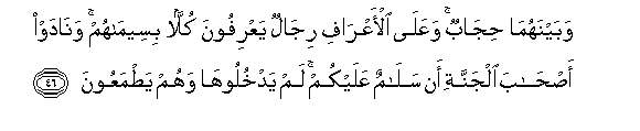 46. Wabaynahuma hijabun waAAala al-aAArafi rijalun yaAArifoona kullan biseemahum wanadaw as-haba aljannati an salamun AAalaykum lam yadkhulooha wahum yatmaAAoona
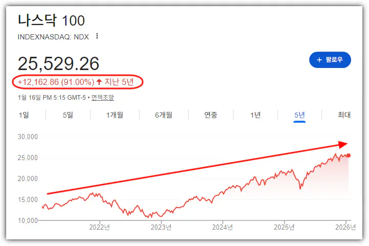 위 그래프를 보시면 5년 전 대비 나스닥100지수는 12,162.86포인트(+91.00%) 상승하며 25,529.26에 도달했습니다.
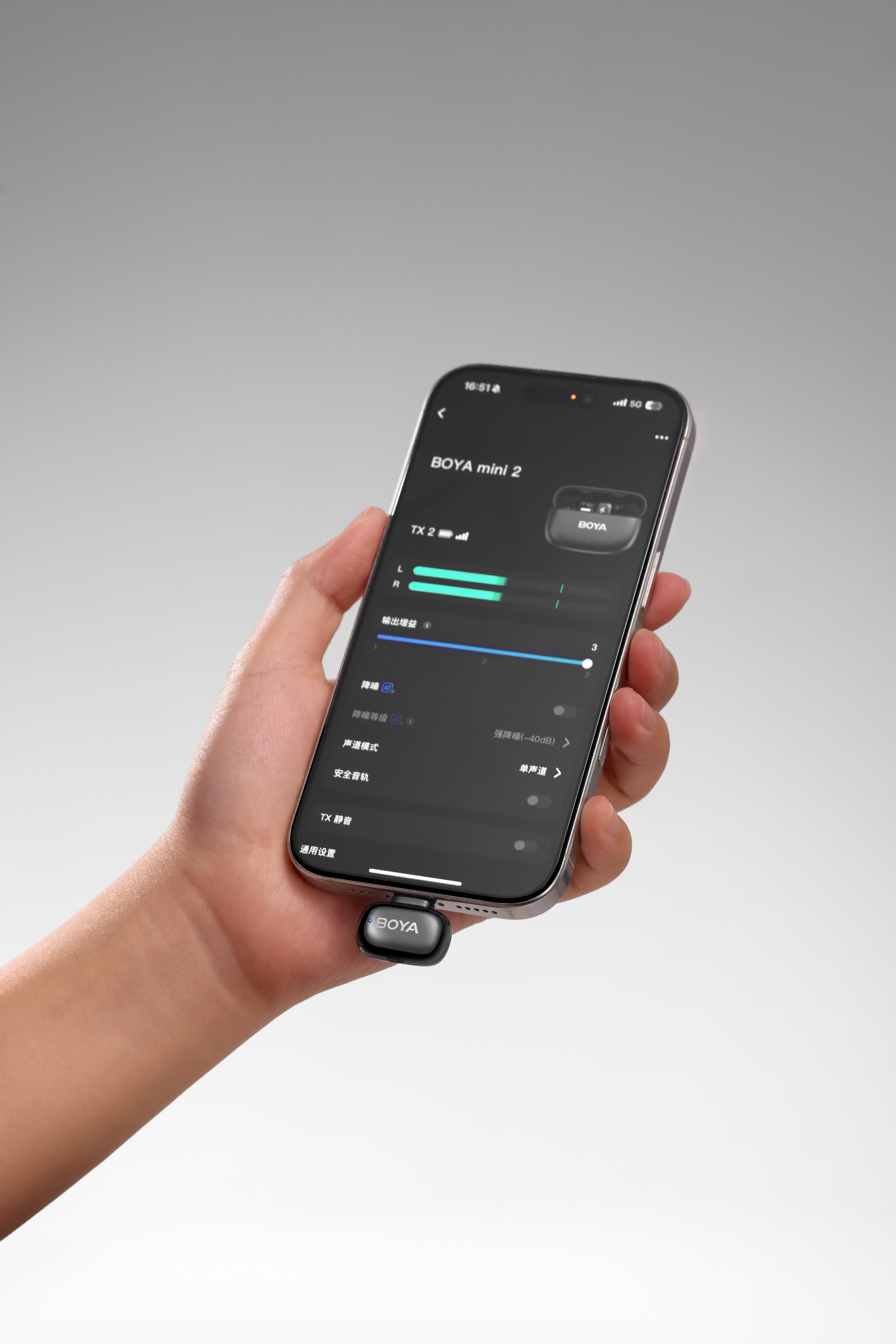 通过BOYA Central APP,用户可调节增益、降噪等级、声道模式、EQ音效等,支持固件升级,持续优化体验。BOYA mini2还具备低切滤波、静音开关、免插拔外放等实用功能,全面覆盖创作需求。

WHAT IS EXPECTED:
Transcribe the listing above verbatim. No picture belongs in the result.

REPLY:
 46. Wabaynahuma hijabun waAAala al-aAArafi rijalun yaAArifoona kullan biseemahum wanadaw as-haba aljannati an salamun AAalaykum lam yadkhulooha wahum yatmaAAoona
 위 그래프를 보시면 5년 전 대비 나스닥100지수는 12,162.86포인트(+91.00%) 상승하며 25,529.26에 도달했습니다.
 通过BOYA Central APP,用户可调节增益、降噪等级、声道模式、EQ音效等,支持固件升级,持续优化体验。BOYA mini2还具备低切滤波、静音开关、免插拔外放等实用功能,全面覆盖创作需求。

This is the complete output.